Ethiopien·ne·s menacés

Ethiopien·ne·s menacés : Une dérive policière inacceptable

Le 5 octobre 2016, la police genevoise a interpellé neuf requérant·e·s d’asile éthiopiens qui manifestaient dans les locaux de la Mission permanente d’Ethiopie à Genève. Elle a ensuite révélé à la Mission l’identité de ces opposant·e·s, mettant en danger leur vie. Ils·elles ont commencé dès le lendemain à recevoir des messages de menace contre eux·elles-mêmes ou leur famille.

Les manifestant·e·s s’étaient rendus dans les locaux de la représentation diplomatique éthiopienne afin d’interpeller le Consul sur les récents événements survenus dans leur pays. Le 2 octobre, à l’occasion des fêtes de l’Irreecha, l’armée éthiopienne avait tiré dans la foule des gaz lacrymogènes, ainsi que, selon certaines sources, des balles réelles, provoquant un mouvement de panique qui a fait de nombreuses victimes (plus de 670 mort·e·s selon les opposant·e·s). Le gouvernement a depuis décrété l’état d’urgence dans le pays.

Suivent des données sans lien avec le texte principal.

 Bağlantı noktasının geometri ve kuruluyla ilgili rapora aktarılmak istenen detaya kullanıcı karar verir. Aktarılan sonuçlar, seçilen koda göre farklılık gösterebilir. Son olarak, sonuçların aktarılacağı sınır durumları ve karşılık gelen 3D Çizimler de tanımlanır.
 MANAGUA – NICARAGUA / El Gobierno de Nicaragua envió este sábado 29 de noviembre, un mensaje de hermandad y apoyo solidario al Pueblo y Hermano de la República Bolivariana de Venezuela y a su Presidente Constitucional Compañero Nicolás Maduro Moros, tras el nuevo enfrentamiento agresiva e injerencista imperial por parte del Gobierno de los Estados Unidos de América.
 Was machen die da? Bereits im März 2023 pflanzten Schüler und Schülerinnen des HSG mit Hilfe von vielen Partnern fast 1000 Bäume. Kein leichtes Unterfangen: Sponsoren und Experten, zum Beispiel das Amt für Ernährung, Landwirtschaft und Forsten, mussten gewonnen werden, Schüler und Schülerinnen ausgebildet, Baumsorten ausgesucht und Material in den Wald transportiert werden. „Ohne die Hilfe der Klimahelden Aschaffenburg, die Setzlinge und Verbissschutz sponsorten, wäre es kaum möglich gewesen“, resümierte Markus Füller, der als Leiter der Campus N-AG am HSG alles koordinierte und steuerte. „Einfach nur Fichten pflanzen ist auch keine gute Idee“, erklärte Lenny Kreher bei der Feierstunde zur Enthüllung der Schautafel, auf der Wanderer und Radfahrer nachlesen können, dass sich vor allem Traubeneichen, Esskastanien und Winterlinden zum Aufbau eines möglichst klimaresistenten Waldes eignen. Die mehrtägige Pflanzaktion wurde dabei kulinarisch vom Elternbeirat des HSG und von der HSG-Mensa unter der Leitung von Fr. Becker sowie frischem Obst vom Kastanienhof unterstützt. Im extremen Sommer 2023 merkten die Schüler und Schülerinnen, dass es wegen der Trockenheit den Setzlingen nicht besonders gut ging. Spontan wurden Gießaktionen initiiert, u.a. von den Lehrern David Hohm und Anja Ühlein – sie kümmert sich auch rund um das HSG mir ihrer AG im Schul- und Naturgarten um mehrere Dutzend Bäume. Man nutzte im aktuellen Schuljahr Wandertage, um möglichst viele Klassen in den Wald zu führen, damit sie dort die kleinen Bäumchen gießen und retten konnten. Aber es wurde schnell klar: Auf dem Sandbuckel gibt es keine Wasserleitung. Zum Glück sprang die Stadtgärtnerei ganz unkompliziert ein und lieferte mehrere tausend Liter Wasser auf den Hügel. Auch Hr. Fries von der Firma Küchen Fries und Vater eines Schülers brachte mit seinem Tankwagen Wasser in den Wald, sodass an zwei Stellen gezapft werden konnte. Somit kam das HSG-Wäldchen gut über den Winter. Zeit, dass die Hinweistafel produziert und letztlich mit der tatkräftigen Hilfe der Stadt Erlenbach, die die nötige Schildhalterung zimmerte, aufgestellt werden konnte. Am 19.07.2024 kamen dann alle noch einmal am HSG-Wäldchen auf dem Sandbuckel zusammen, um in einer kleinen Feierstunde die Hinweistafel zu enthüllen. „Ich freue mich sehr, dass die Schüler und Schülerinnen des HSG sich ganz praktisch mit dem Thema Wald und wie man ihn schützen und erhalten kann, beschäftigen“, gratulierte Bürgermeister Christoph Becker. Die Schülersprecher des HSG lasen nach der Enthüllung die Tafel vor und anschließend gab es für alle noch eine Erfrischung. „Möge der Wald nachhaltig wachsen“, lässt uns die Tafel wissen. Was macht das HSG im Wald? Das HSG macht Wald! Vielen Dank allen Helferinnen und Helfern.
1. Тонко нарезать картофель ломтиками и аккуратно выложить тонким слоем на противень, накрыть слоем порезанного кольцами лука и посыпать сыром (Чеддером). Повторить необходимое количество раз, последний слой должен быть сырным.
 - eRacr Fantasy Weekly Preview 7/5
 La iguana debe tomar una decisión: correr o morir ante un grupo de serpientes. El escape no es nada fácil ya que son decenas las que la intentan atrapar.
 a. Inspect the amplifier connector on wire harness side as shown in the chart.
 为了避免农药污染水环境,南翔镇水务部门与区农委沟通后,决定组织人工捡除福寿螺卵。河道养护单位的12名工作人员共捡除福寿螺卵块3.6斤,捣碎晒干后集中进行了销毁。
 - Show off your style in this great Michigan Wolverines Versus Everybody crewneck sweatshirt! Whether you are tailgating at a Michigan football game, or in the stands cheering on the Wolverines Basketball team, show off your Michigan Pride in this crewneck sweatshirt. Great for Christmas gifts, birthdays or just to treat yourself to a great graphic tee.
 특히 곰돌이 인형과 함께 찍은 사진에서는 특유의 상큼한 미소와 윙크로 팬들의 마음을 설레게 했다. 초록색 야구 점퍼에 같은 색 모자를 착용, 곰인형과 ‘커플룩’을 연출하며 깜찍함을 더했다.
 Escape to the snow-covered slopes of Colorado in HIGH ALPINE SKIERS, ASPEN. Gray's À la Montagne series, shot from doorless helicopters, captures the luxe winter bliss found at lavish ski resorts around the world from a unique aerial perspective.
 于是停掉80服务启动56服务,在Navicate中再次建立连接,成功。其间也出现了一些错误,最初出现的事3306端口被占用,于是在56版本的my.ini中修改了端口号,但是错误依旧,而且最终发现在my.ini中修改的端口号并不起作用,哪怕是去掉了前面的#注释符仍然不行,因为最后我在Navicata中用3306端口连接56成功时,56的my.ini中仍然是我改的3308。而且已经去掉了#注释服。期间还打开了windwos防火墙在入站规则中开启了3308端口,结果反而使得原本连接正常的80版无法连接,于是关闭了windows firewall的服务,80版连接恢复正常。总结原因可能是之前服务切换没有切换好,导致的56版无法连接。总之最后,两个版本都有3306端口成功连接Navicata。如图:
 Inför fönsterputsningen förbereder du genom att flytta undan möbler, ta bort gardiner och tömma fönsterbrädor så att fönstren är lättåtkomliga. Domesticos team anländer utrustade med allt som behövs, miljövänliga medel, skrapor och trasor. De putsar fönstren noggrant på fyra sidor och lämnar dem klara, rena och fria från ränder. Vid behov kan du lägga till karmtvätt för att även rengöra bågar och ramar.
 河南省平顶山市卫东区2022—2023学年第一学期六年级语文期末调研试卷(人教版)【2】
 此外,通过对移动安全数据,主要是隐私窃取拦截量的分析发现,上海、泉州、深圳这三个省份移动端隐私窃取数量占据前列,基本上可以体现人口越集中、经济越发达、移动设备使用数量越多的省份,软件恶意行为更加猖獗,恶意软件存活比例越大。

A Genève, la police est intervenue et neuf personnes ont été conduites au poste, où leurs identités ont été relevées et communiquées à la représentation diplomatique du gouvernement éthiopien par le biais de formulaires d’interdiction d’entrée remplis par les gendarmes. Pourtant, la communication de l’identité de requérant·e·s d’asile à l’Etat qu’ils·elles ont fui est interdite par la Loi fédérale sur l’asile en tant qu’elle met en danger les personnes concernées, les exposant à des représailles, sur leur personne en cas de retour, ou sur les membres de leurs familles restés au pays.

Bavure des autorités

Une question urgente a été déposée au Grand Conseil par la députée Jocelyne Haller (EAG/solidaritéS), demandant comment un tel acte a pu être commis et quelle protection serait apportée aux victimes. Le Conseil d’Etat s’est contenté de rejeter la question en niant tout renvoi, au prétexte que les Ethiopien·ne·s concernés avaient obtenu l’asile.

Or, ce n’est pas le cas. Le 16 et 17 novembre passé, six d’entre eux·elles ont été convoqués par la police internationale de l’Aéroport pour une audition, heureusement sans autre conséquence, pour l’instant. En effet, contrairement à ce que les services de Pierre Maudet ont prétendu, deux des manifestant·e·s avaient vu leur demande d’asile rejetée et sont donc exposés à une mise en détention administrative, voire à un renvoi si la Suisse obtient des laissez-passer.

La dérive policière est grave, et le mensonge ou l’erreur du Conseil d’Etat plus encore. Les Ethiopien·ne·s étaient venus chercher asile à la Suisse, aujourd’hui, ils·elles sont plus que jamais menacés. Les autorités doivent à présent assumer leur responsabilité et accorder une réelle garantie de protection aux réfugié·e·s.